How do you find the roots, real and imaginary, of #y= x^2 + 4x - 1 # using the quadratic formula?

Question

How do you find the roots, real and imaginary, of #y= x^2 + 4x - 1   # using the quadratic formula?

Julia Adams · Accepted Answer

#{-2-sqrt(5),-2+sqrt(5)}#

The quadratic formula states that given a quadratic equation

#ax^2+bx+c=0#

we have

#x = (-b+-sqrt(b^2-4ac))/(2a)#

Then, with #x^2+4x-1=0#, we have #a=1, b=4, c=-1#. Applying the formula gives us

#x = (-4+-sqrt(4^2-4(1)(-1)))/(2(1))#

#=(-4+-sqrt(20))/2#

#=(-4+-2sqrt(5))/2#

#=-2+-sqrt(5)#

Thus the two roots of the given equation are #-2+sqrt(5)# and #-2-sqrt(5)#

Avery Alexander · Answer

undefined To find the roots of the quadratic equation $ y = x^2 + 4x - 1 $ using the quadratic formula, which is $ x = \frac{{-b \pm \sqrt{{b^2 - 4ac}}}}{{2a}} $, where $ a = 1 $, $ b = 4 $, and $ c = -1 $, we substitute these values into the formula and solve for $ x $.

First, calculate the discriminant ($ b^2 - 4ac $):
$ b^2 - 4ac = (4)^2 - 4(1)(-1) = 16 + 4 = 20 $

Since the discriminant is positive, the roots are real and distinct.
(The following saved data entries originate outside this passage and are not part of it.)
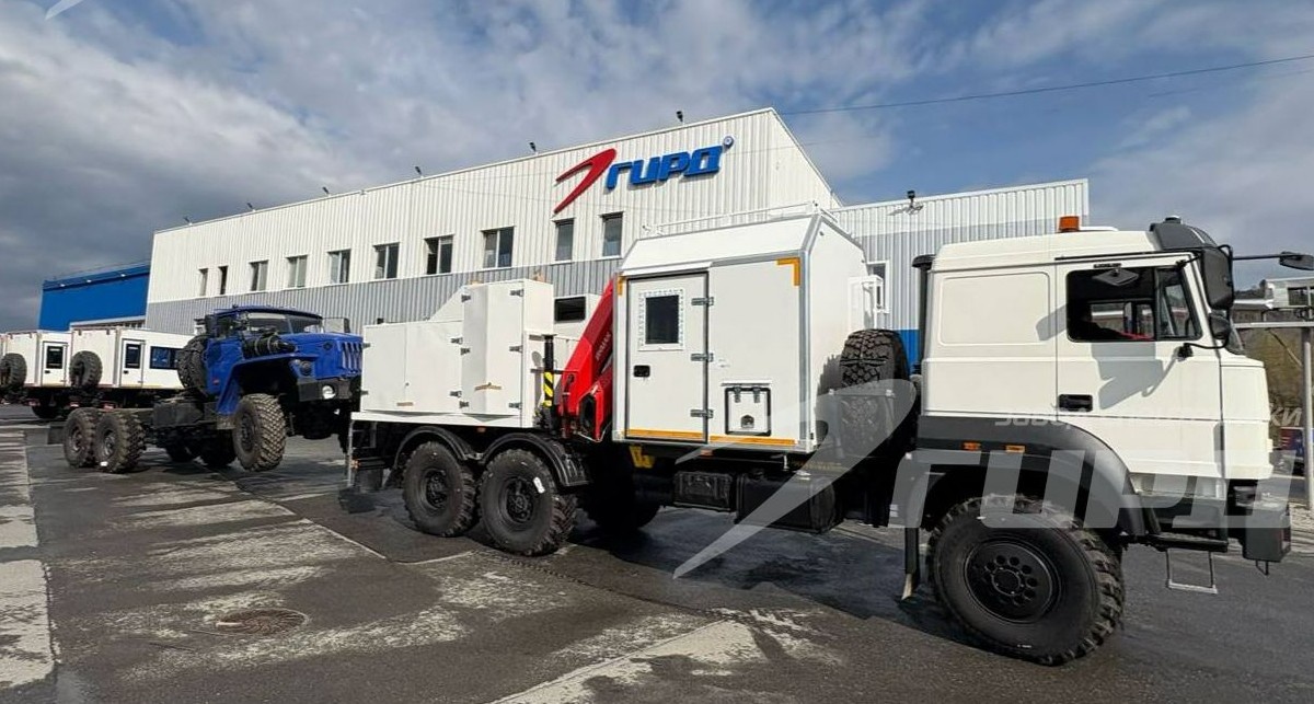 РЭМ с КМУ ИМ-15 N, которую изготовили специалисты завода, аналогов в России не имеет Фото: "Гирд". Автомобиль способен оказывать техническую помощь и ремонт, эвакуировать застрявшие или поврежденные машины. Краноманипуляторная установка позволяет производить погрузочные/разгрузочные работы без привлечения другой техники. Завод «Гирд» основали еще в 1994 году, как инженерную компания по раработке и поставе автомобилей семейства «УАОЛ». Сегодня «Гирд» - это завод, который производит технику для нефтегазового, коммунального, энергетического комплексов, транспортной логистики и аэропортов. За 30 лет предприятие впустило более 20818 единиц спецтехники.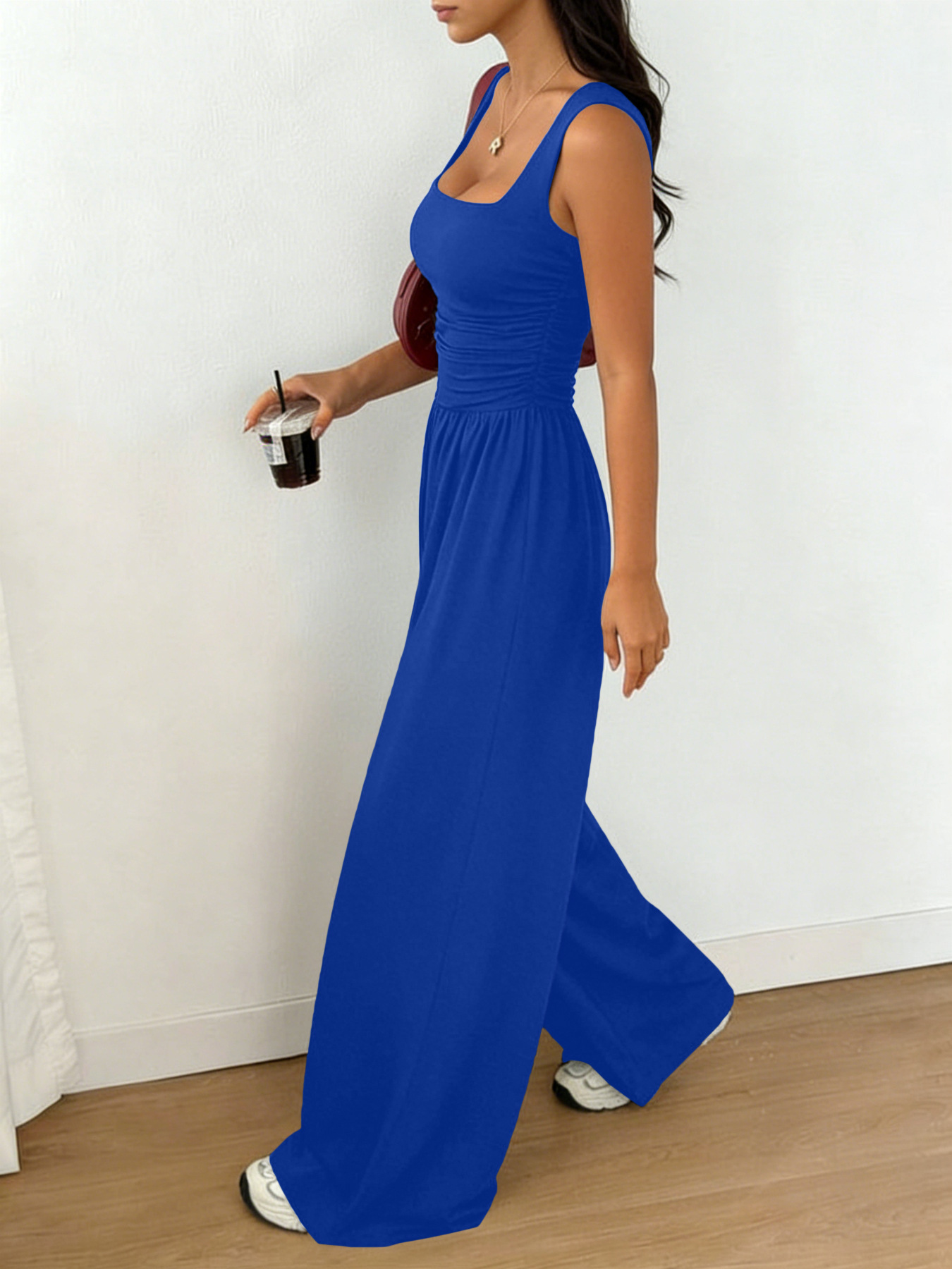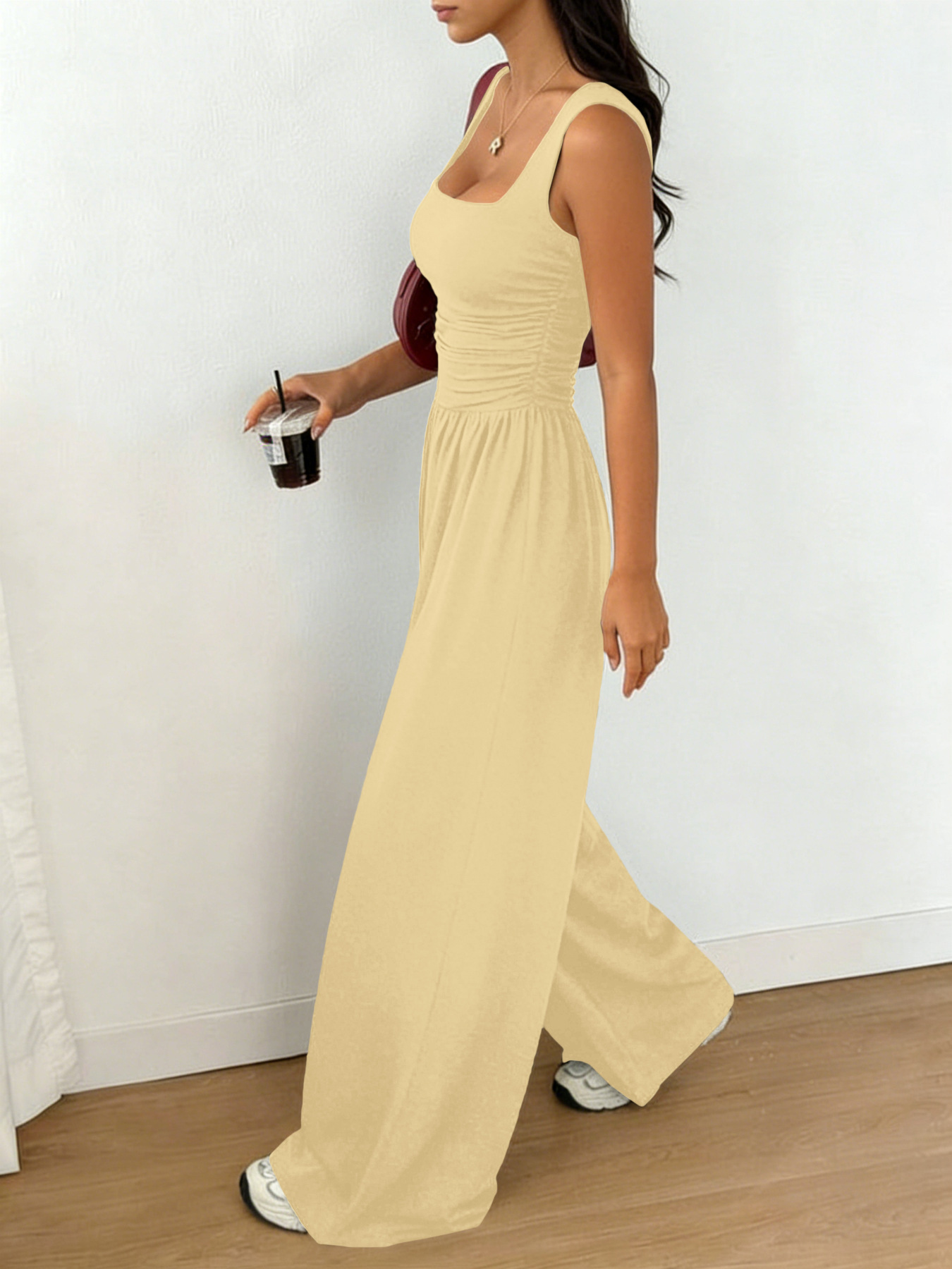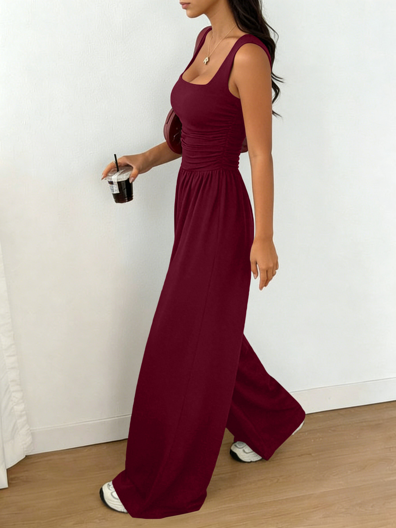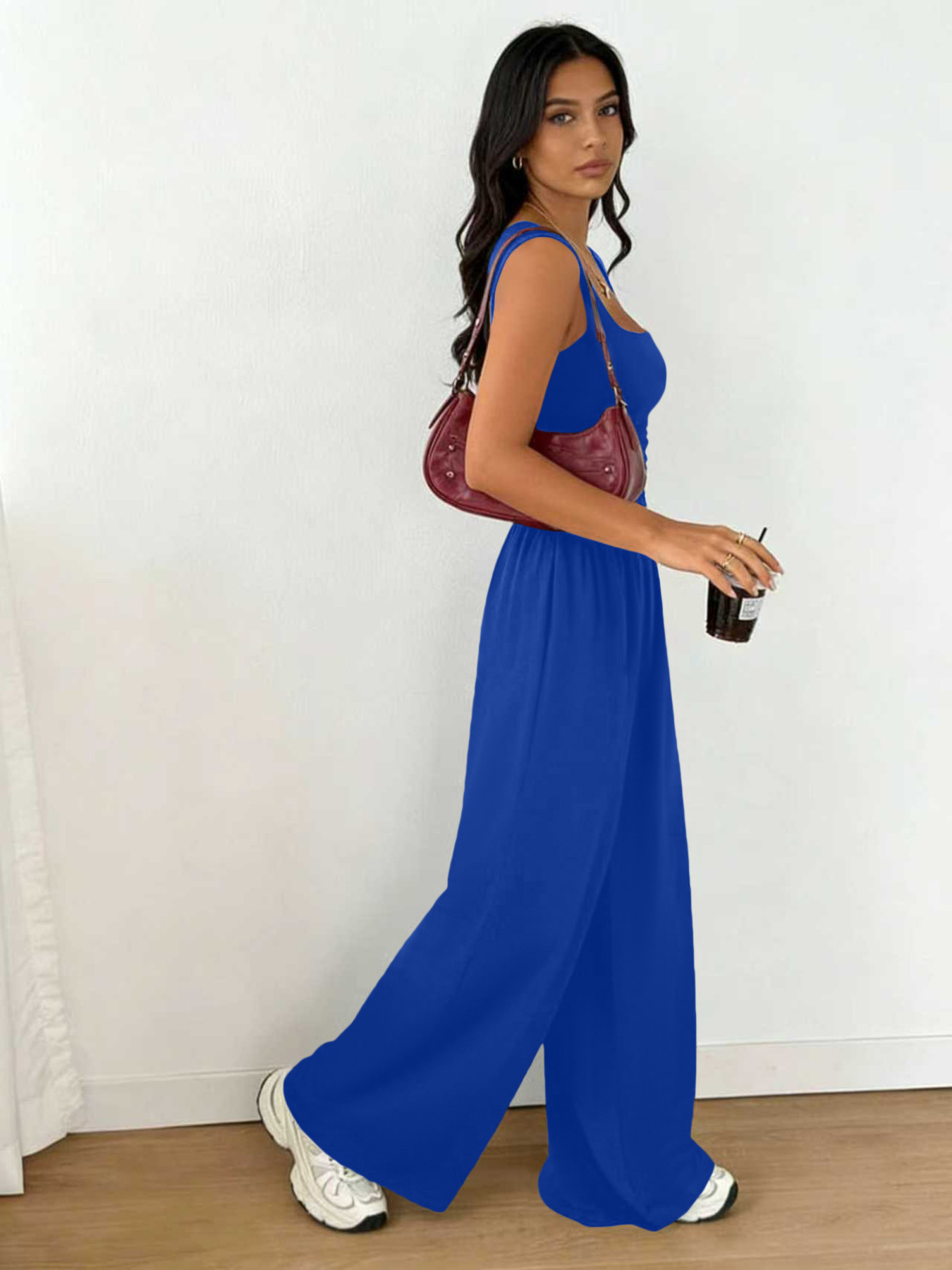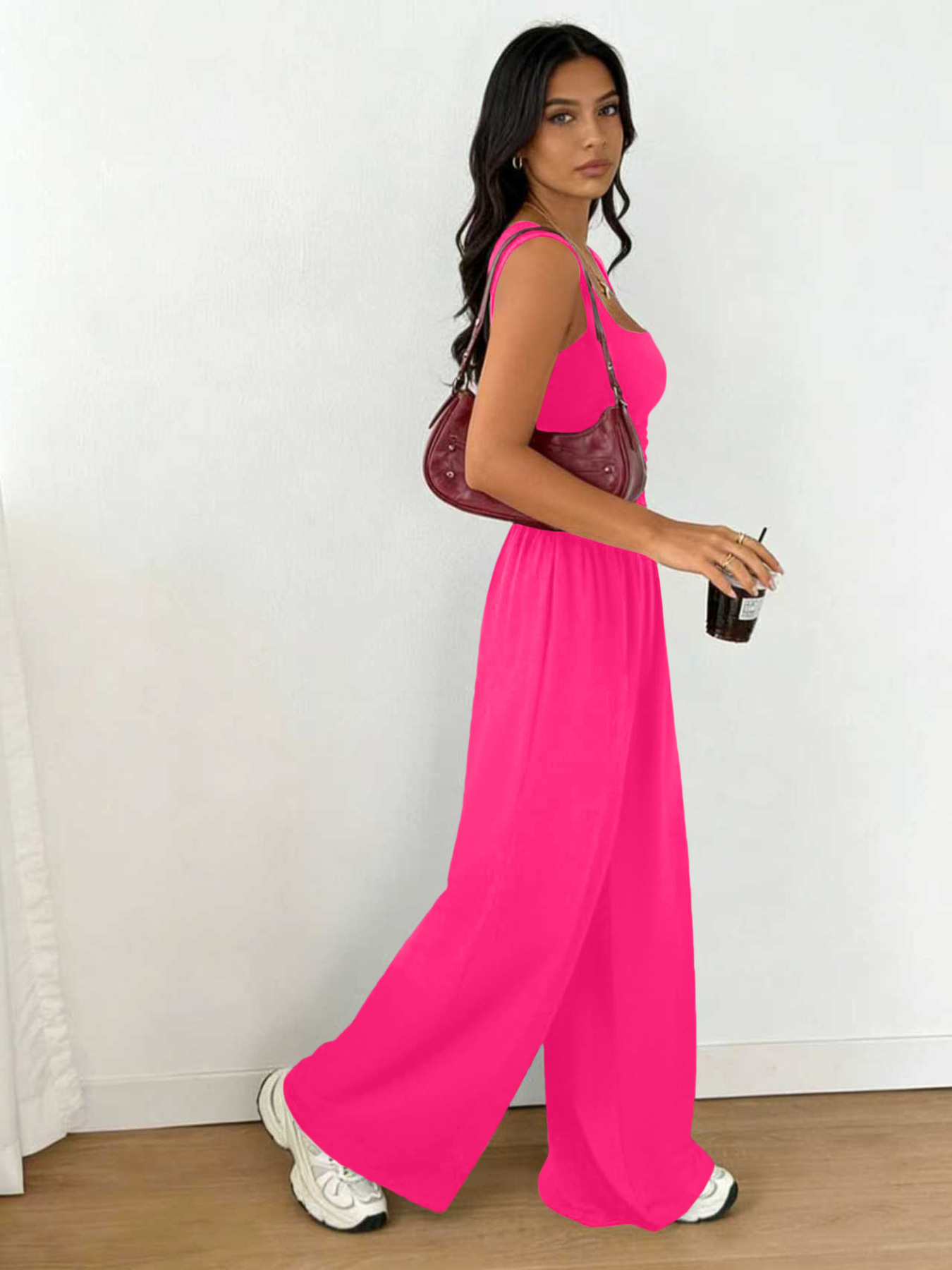 Solid-Color Sexy Tank Top Casual Wide-Leg Pants Two-Piece Set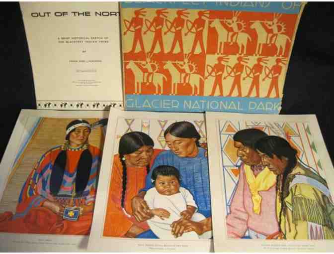 Each 9"x12" print is in a protective sleeve, and titled:  "Plume,""Not Real Bear Woman," "Long Time Pipe Woman," "Big Face Chief," "Juniper Buffalo Bull and Little Young Man," "Scalping Woman," "Buffalo Body"(this one has some blue ink smear), "Morning Gun," "Spopeia and Mameia,""Many Horses, Little Rosebush and Baby," "Only Child," and "Double Steel and Two Cutter."  Set includes the original cover and booklet, "Out of the North:  A Brief Historical Sketch of the Blackfeet Indian Tribe."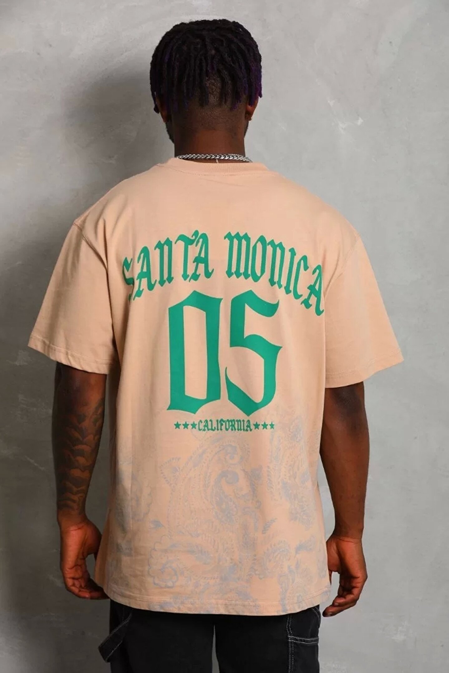 Unisex Oversize Baskılı Bisiklet Yaka T-Shirt - Bej

Now, use the quadratic formula:
$ x = \frac{{-4 \pm \sqrt{20}}}{{2(1)}} $
$ x = \frac{{-4 \pm \sqrt{20}}}{{2}} $
$ x = \frac{{-4 \pm 2\sqrt{5}}}{{2}} $
$ x = -2 \pm \sqrt{5} $

Therefore, the roots of the equation $ y = x^2 + 4x - 1 $ are $ x = -2 + \sqrt{5} $ and $ x = -2 - \sqrt{5} $.